野菜ソムリエの思ひ出の味
茄子の揚げ浸し

 僕はかつて茄子が大嫌いだった。食べた時に茄子の皮がキュッキュとなる音が気持ち悪かったし、あの黒光りしている姿が虫を連想させたからだ。見るのも嫌なほどに苦手だった。

 社会人2年目となったある日のことだった。前職の上司に連れて行ってもらった居酒屋で、何気なく食べた料理がなんと「茄子の揚げ浸し」だった。茄子だと知っていたら絶対に箸をつけなかったのだが、その時僕にはその料理が「きのこと油揚げの煮浸し」に見えたのだ。意外なことに、あの見るのも嫌なほどに大嫌いだった茄子が感動するほどおいしかった。揚げた茄子のうま味と出汁のうま味が強烈に口のなかに広がり、後を引く味わいだったのだ。20年以上も長く続いた茄子嫌いが、一瞬にして茄子好きに変わった瞬間だった。
 茄子は揚げる以外にも焼く・煮る・蒸すと調理法は幅広く、多くの調味料や他の野菜とも合わせやすい。特に熱を加えた調理ではうま味の感動が跳ね上がる魅力的な食材だ。どうやら僕の茄子嫌いは、幼い頃においしい体験が出来なかったことが後を引き食わず嫌いになっていただけのようだ。茄子の克服をきっかけに、苦手意識があった他の野菜も徐々に食べてみるようになった。そのうち味覚が慣れておいしく感じられるようになり、もっとおいしいものが食べたいと貪欲に思う様になった。ビールを初めて飲んだ時にあの苦さを嫌いに感じても、慣れていくとおいしく感じるようになる。たぶんそれと同じことかなと思う。

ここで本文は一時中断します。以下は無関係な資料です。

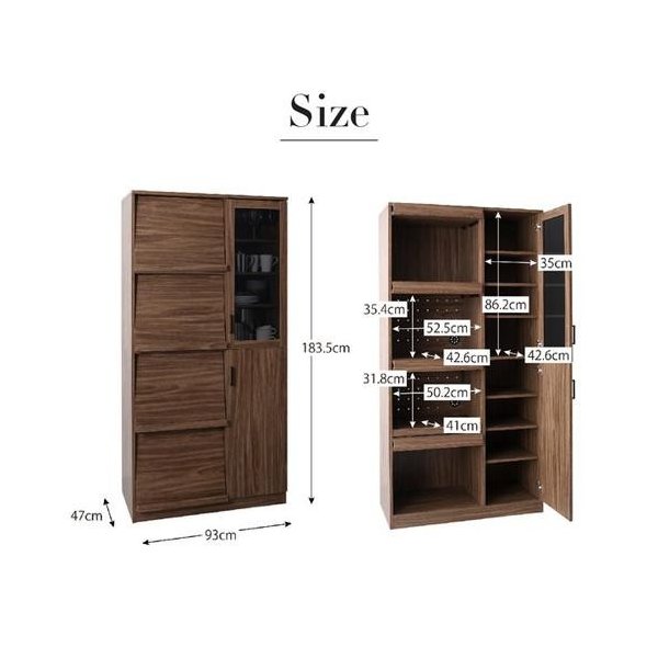 食器棚内寸(上下共通):(約)幅35 奥行42.6 高さ86.2cm

 その5年後。転職をした僕は真冬のモスクワへと出張することになった。現地でいただいた食事は、野菜たっぷりのロシア料理やグルジア料理。茄子やズッキーニの素揚げなど素材そのものの味を堪能するものが多く、シンプルに食べるということに感動した。また、それらの料理とヨーロッパ圏のビールとのおいしさの相乗効果にも深く感動したのだった。
 例えば一般的なビールなら、繊細なホップの香りと味わいが茄子のうま味にほのかな刺激を与え、揚げ油を爽やかに感じさせてくれる。褐色から黒色のタイプのビールなら、茄子の焼き目のスモーキーな芳ばしさとの相性がよく、茄子の甘みやうま味をも引立ててくれるのだ。以来、ビールと野菜料理は出張中の楽しみとなった。

 モスクワから帰国後、ビールと料理のマリアージュという考え方があることを知った。好きになったことを形にしたいという思いで、ビールに関する資格を取り、野菜ソムリエの資格取得へも繋がった。おいしく食べること、ビールと一緒においしい野菜料理が寄り添うこと。この2つのことを経験していなかったら、おそらく野菜ソムリエにはならなかったであろう。
 現在は、野菜をおいしく食べるビールセミナー、ビールイベントでフルーツビールのサービング、クラフトビール飲食店とのコラボイベントやレシピ開発監修など「ビールと野菜料理のマリアージュ」を柱に活動をしている。今年は、念願の自宅での野菜料理教室も開く予定である。ほぼ全て自ら基礎設計を行い、照明の配置、ビールサーバーの設置など昨年から準備を進めてきている。基盤を得ることで「ビールな野菜ソムリエ」だからこそできる、ビールに合うレシピの開発研究、ハンバーガーの開発、週末レストランを開催したいと考えている。

中村(旧姓:佐藤)祐輔さんのプロフィール
埼玉県在住。野菜ソムリエプロ。ビールの審査員(ビアジャッジ)と料理とのペアリングの資格(ビアコーディネイター)を併せて理論的に野菜料理に合わせることで、野菜果物の魅力を伝え、生活者が野菜を食べる機会を増やす活動をしている。